:: Material for this task
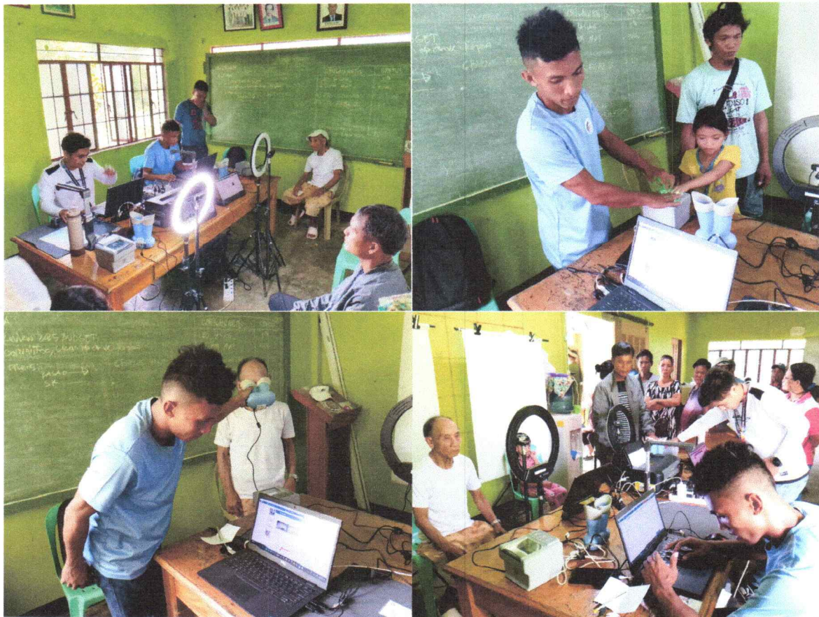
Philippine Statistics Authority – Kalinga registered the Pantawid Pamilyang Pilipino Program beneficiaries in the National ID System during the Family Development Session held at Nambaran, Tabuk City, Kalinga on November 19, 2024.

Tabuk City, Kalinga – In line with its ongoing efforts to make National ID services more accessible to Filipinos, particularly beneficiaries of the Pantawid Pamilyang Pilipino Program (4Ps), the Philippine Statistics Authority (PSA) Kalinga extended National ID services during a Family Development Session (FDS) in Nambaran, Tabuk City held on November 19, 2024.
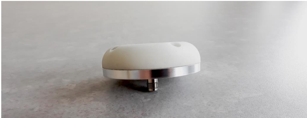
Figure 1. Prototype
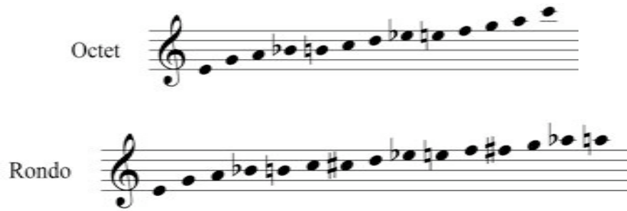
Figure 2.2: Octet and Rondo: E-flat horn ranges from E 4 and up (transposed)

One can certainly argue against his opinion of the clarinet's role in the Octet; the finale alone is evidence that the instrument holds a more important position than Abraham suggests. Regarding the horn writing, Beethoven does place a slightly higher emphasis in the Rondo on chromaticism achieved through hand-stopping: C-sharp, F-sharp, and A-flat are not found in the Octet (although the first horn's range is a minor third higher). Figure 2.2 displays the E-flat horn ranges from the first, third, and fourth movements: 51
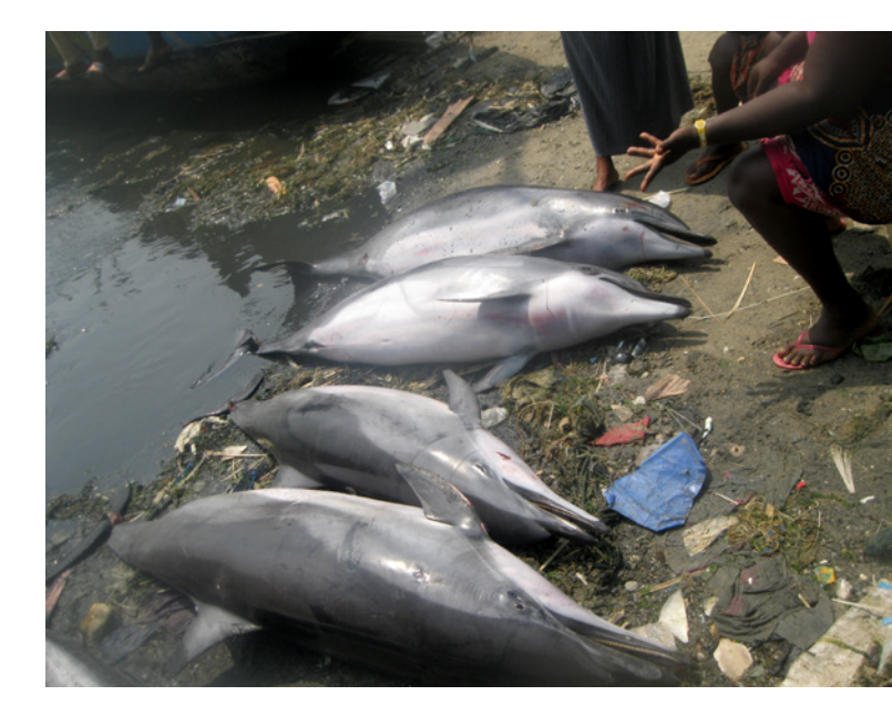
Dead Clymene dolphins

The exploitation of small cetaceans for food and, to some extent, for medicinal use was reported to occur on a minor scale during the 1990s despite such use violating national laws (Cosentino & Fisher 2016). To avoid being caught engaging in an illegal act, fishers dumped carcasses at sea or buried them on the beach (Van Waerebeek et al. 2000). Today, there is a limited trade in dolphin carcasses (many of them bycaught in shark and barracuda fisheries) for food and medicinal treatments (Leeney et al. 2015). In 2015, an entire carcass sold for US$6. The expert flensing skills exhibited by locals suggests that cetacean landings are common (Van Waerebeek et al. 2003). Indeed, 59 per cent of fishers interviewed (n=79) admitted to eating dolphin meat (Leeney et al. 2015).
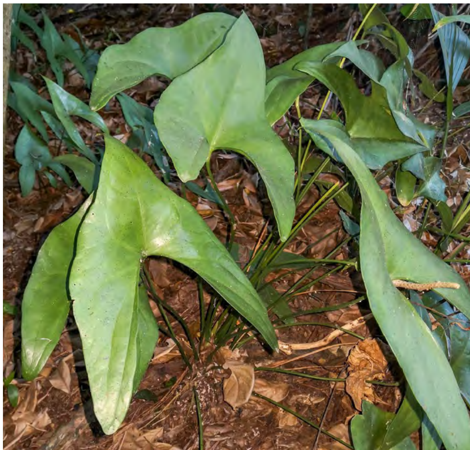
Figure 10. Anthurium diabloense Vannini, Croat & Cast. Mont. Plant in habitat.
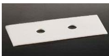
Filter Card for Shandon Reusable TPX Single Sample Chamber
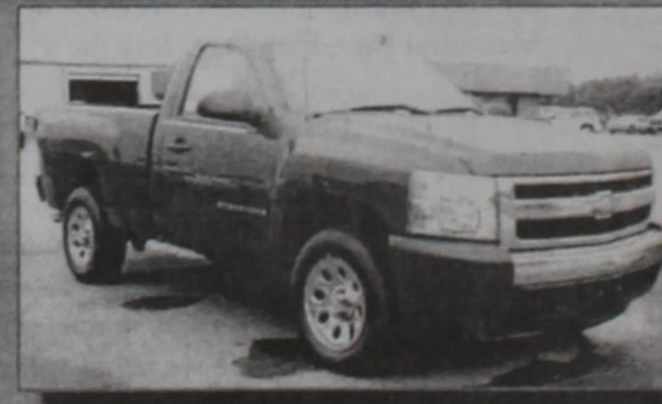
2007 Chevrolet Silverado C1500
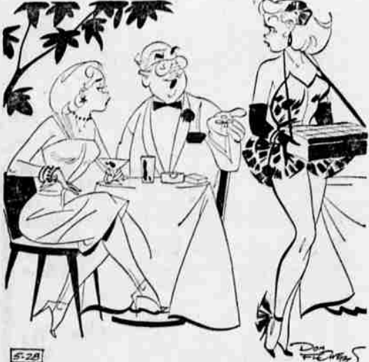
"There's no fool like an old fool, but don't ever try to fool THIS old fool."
::::
[Task requirements]:
The answer is a number only: how many lines of the data above include "Development"?

[Output for this task]:
2